お口にクダサイ~記憶の中のフレグランス~
「南国に降る雪って素敵。深海の雪、マリンスノーは知ってるけど」
「ああ。プランクトンの死骸がゆっくりと真っ暗な深海に降るみたいに沈んでいくやつでしょ。確かに神秘的で素敵だね」

「中東やらインドなんかは宗教的にクリスマスを祝ったりしないかもしれないけど、中東だと昔の千夜一夜物語に出てくるんだよ」先生のこういうロマンチックな話を聞くのが大好きだった。

中東に雪は降らないけれど、アーモンドの木は白い花を咲かすんだ。遠くから見るとね、雪が降り積もったように大雪原に見えるんだって。中東のどこかの国の王がお妃のために庭に沢山のアーモンドの木を植えたんだ。

インドも確か春先に咲く山があったんじゃないかな?

朝方まで眠らずに2人して抱き合い、色々な話を聞かせてくれた。この時間も私にとって、とても楽しいものだった。

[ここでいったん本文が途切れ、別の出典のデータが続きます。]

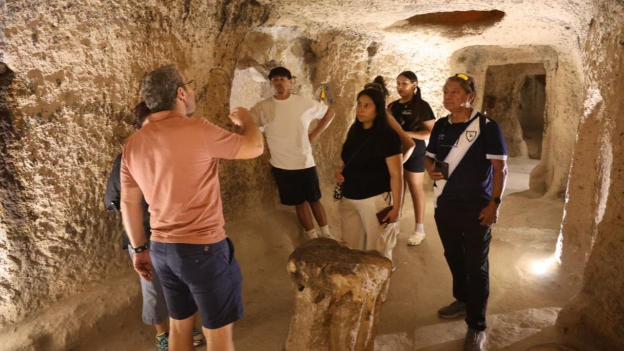 Guatemala'dan gelen turist Martinez de Kapadokya'ya ilk kez geldiklerini belirterek, "Buraları görünce çok şaşırdık. Her şey çok güzel ve çok tarih var. Ancak dışarısı çok sıcak, içerisi çok serin. Tam istediğimiz sıcaklıkta" ifadelerini kullandı.
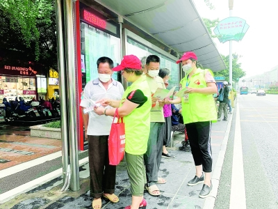 本报讯(记者庄盈 文/摄)6月4日,市中心不少公交站台上出现了一群身穿绿色背心的志愿者,他们头戴小红帽,胸挂“志愿者”工作牌,手持“志愿服务队”旗帜和“请排队上车 礼貌让座”提示牌,...
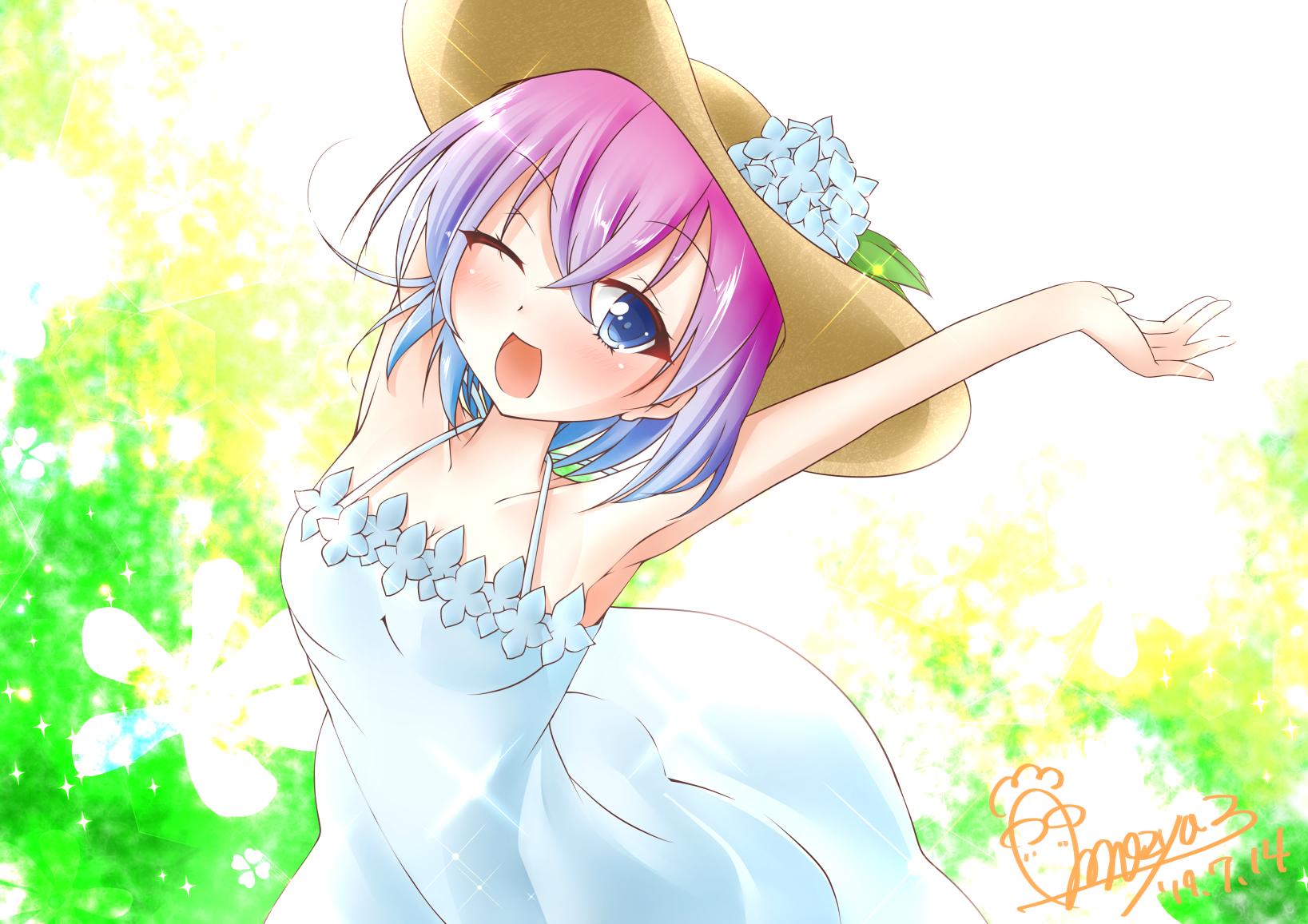 1girl artist_name breasts dress flower highres hydrangea medium_breasts mozya sagami-tan white_dress
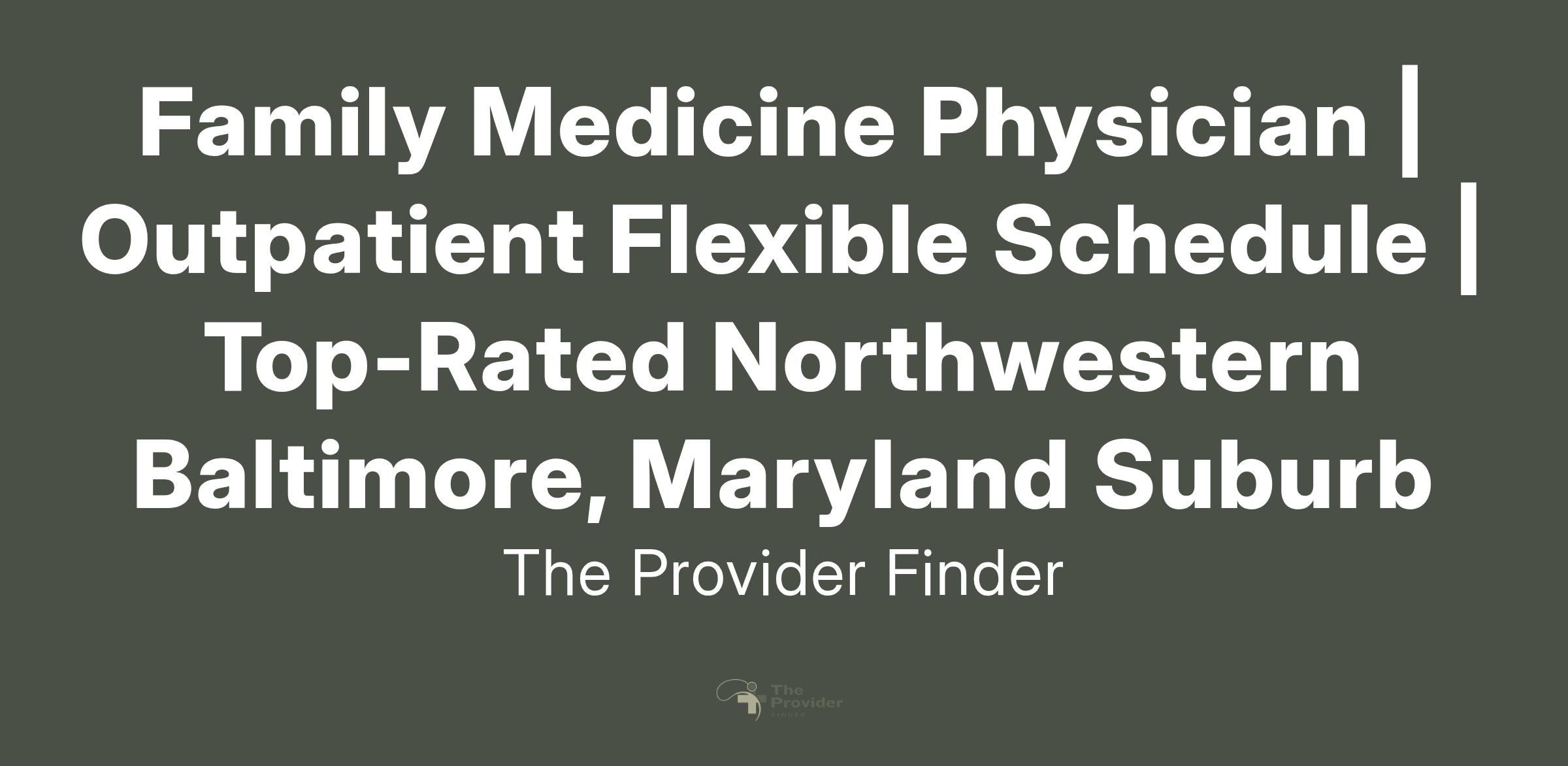 This great Baltimore non-profit healthcare organization seeks an outpatient family medicine physician to join its amazing and expanding primary care team to serve the patients and families of the metropolitan city within this established clinic located in a nearby A-rated northwestern suburb.

私は小さい頃から、色々と空想するのが好きな女の子だった。嫌なことがあると自分の空想世界に逃げ込む。現実逃避するわけだが、大人になっても大して変わらなかった。

物語を作ったり、小説を書いたりが好きだった。夢見がちな所があり、いわゆるアダルトチルドレンと呼ばれて、いいように言えば子供のような空想力に長けるものの、悪く言えばいい年して、いい加減に大人になれば?と言われてしまうタイプだった。

先生は、僕もそういう所があるから子供じみているって思わないよ、と私が作った話をひたすら聞いてくれていた。

居心地がよかった。真剣に聞いてくれた男性は先生しかいなかった。先生がいなくなってからも、私は先生から聞いた話を参考に小説などを書いたりしているから、貴重な時間をくれた事を後になっても感謝しているのだった。